### WORK REQUIRED
Line for line, return the data exactly, omitting all pictures.

### DATA SHOWN
+ + + + + + +
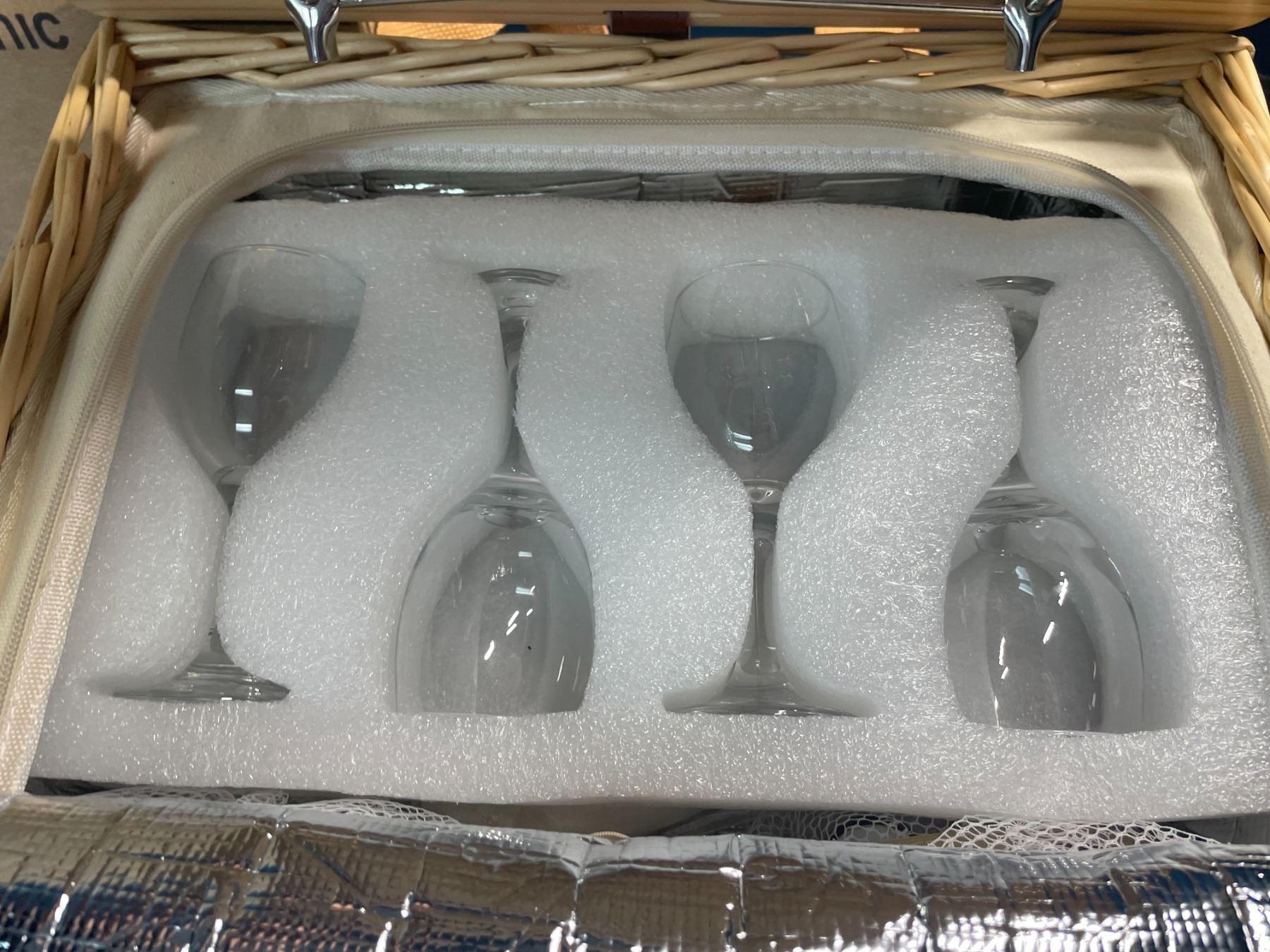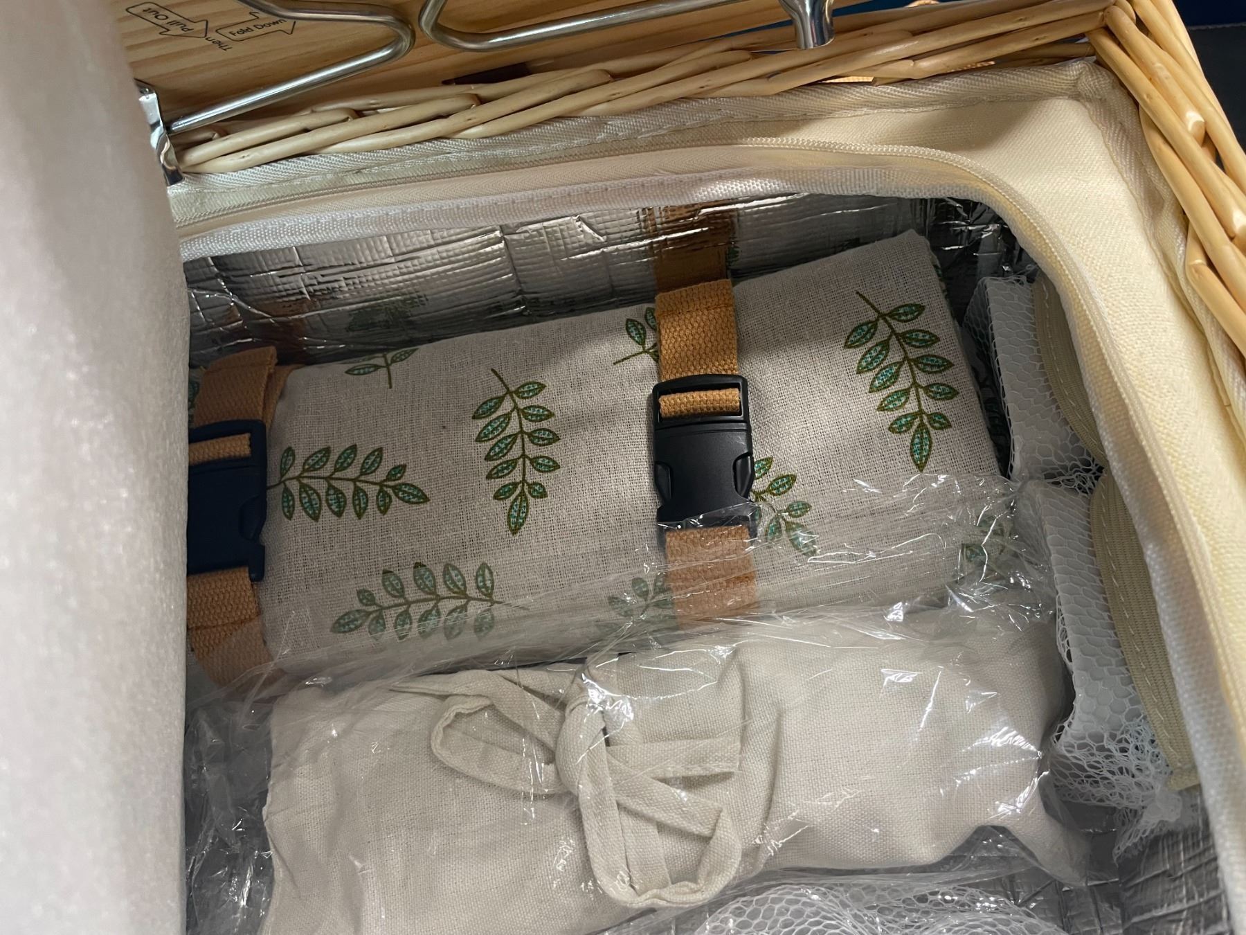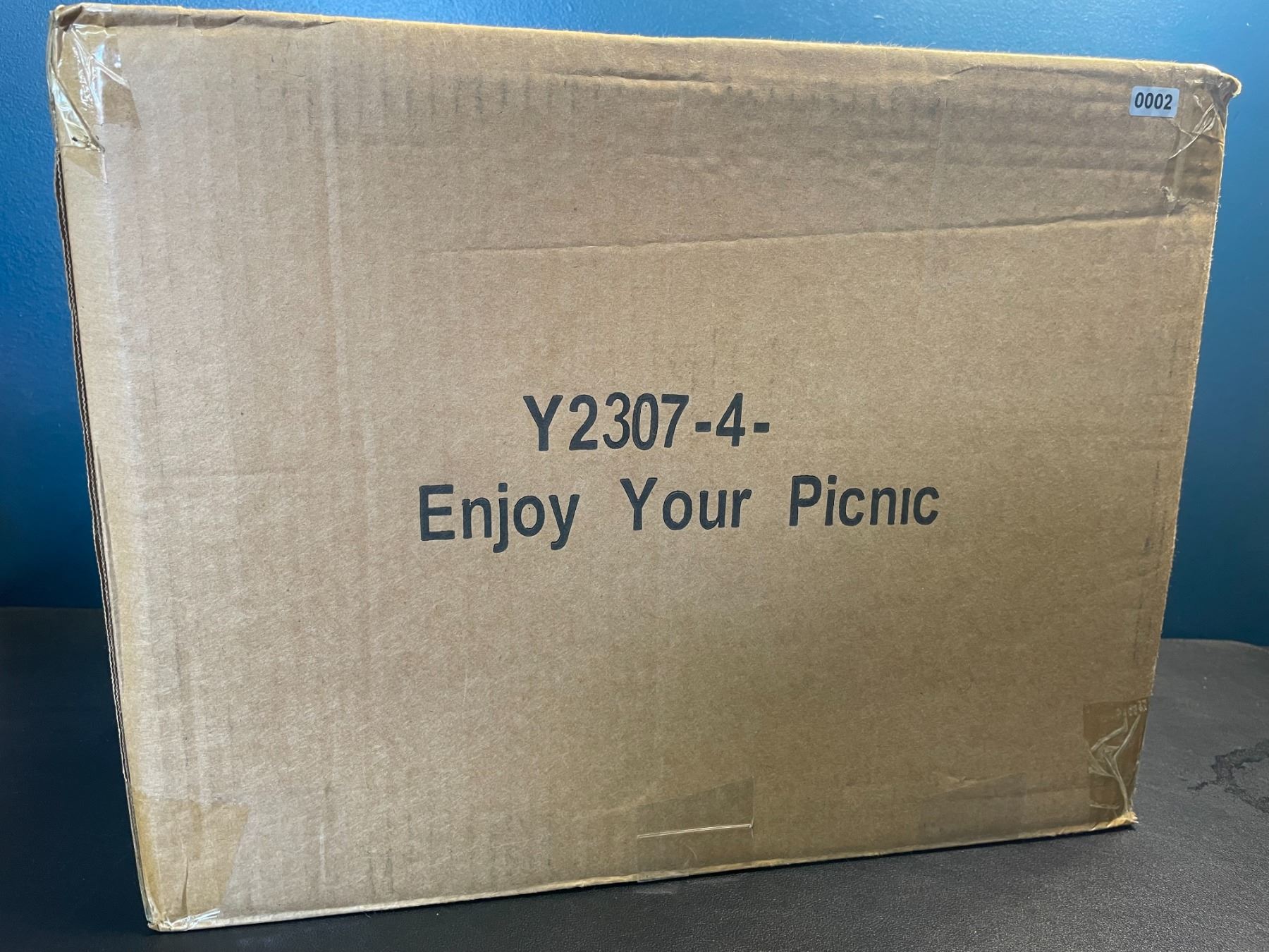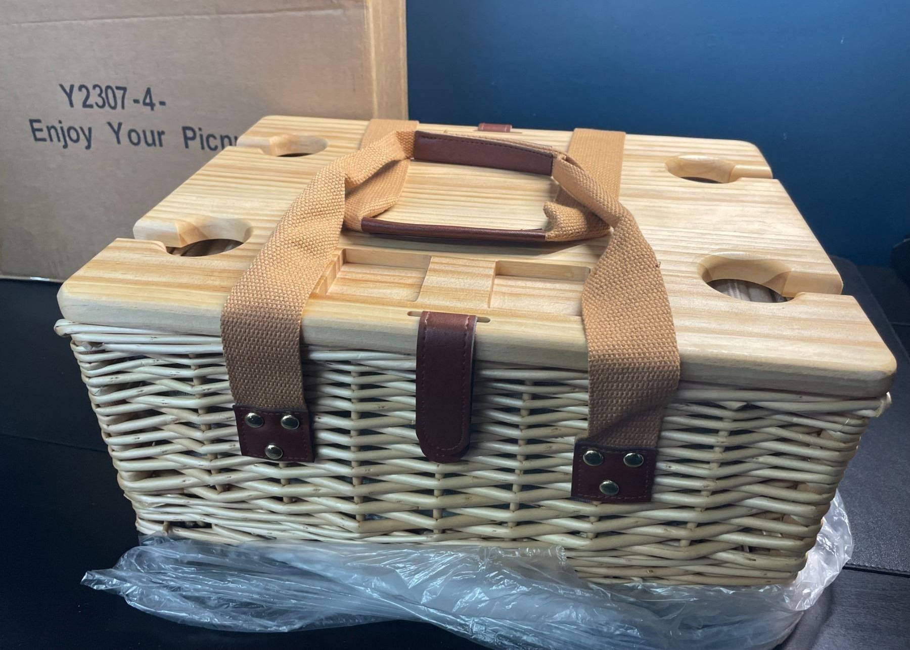 - Hap Tim Wicker Picnic Basket Set for 4 with Mini Folding Wine Picnic Table & Large Insulated Cooler Bag & Cutlery Service Kits for 4 Persons
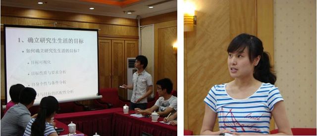硕士二年级的刘杰同学作了“如何规划研究生生活”的专题报告,围绕“确立研究生生活的目标”和“实现研究生生活目标的方法”两个方面展开了详细论述。硕士一年级的王柳同学从另一个侧面为大家介绍了关于规划研究生生活方面的体会,对“我是谁”、“我来做什么”和“我到哪里去”三个问题进行了阐述。
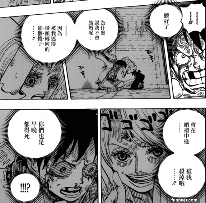 布琳在這里的表現非!常!矛!盾!其實這一點我們都能感覺到,但是基本都歸因於布琳「會演戲」。然而問題就在這里,她為什麼要演?向路飛說出了黑暗的計畫,旁邊的奶油大臣是家人,也就是說房間里的人目前都知道她的真面目,為什麼還要在離開前演一個淚流滿面?
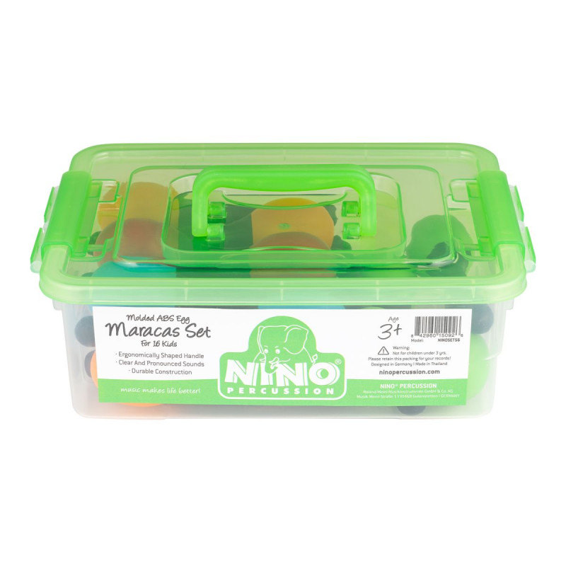 PLASTIC MARAKS Nino Percussion shaker sets combine different shaker shapes, colors, and sounds that are great for classrooms or playing at home. It's easy to create rhythm with these shakers and they're fun for groups. Its durable all-weather synthetic construction is built to last. Suitable for 16 children. Includes: 4x Egg Maracas, grass green 4x Egg Maracas, sky blue 4x Egg Maracas, orange 4x Egg Maracas, red 1x Storage container Material: Molded ABS Case dimensions: 27.5 x 20 x 9 cm 10.8” x 7.9” x 3.5” For children 16 years and older Age recommendation: 3+
+ + + + + + +
### RESPONSE BELOW
 - Hap Tim Wicker Picnic Basket Set for 4 with Mini Folding Wine Picnic Table & Large Insulated Cooler Bag & Cutlery Service Kits for 4 Persons
硕士二年级的刘杰同学作了“如何规划研究生生活”的专题报告,围绕“确立研究生生活的目标”和“实现研究生生活目标的方法”两个方面展开了详细论述。硕士一年级的王柳同学从另一个侧面为大家介绍了关于规划研究生生活方面的体会,对“我是谁”、“我来做什么”和“我到哪里去”三个问题进行了阐述。
 布琳在這里的表現非!常!矛!盾!其實這一點我們都能感覺到,但是基本都歸因於布琳「會演戲」。然而問題就在這里,她為什麼要演?向路飛說出了黑暗的計畫,旁邊的奶油大臣是家人,也就是說房間里的人目前都知道她的真面目,為什麼還要在離開前演一個淚流滿面?
 PLASTIC MARAKS Nino Percussion shaker sets combine different shaker shapes, colors, and sounds that are great for classrooms or playing at home. It's easy to create rhythm with these shakers and they're fun for groups. Its durable all-weather synthetic construction is built to last. Suitable for 16 children. Includes: 4x Egg Maracas, grass green 4x Egg Maracas, sky blue 4x Egg Maracas, orange 4x Egg Maracas, red 1x Storage container Material: Molded ABS Case dimensions: 27.5 x 20 x 9 cm 10.8” x 7.9” x 3.5” For children 16 years and older Age recommendation: 3+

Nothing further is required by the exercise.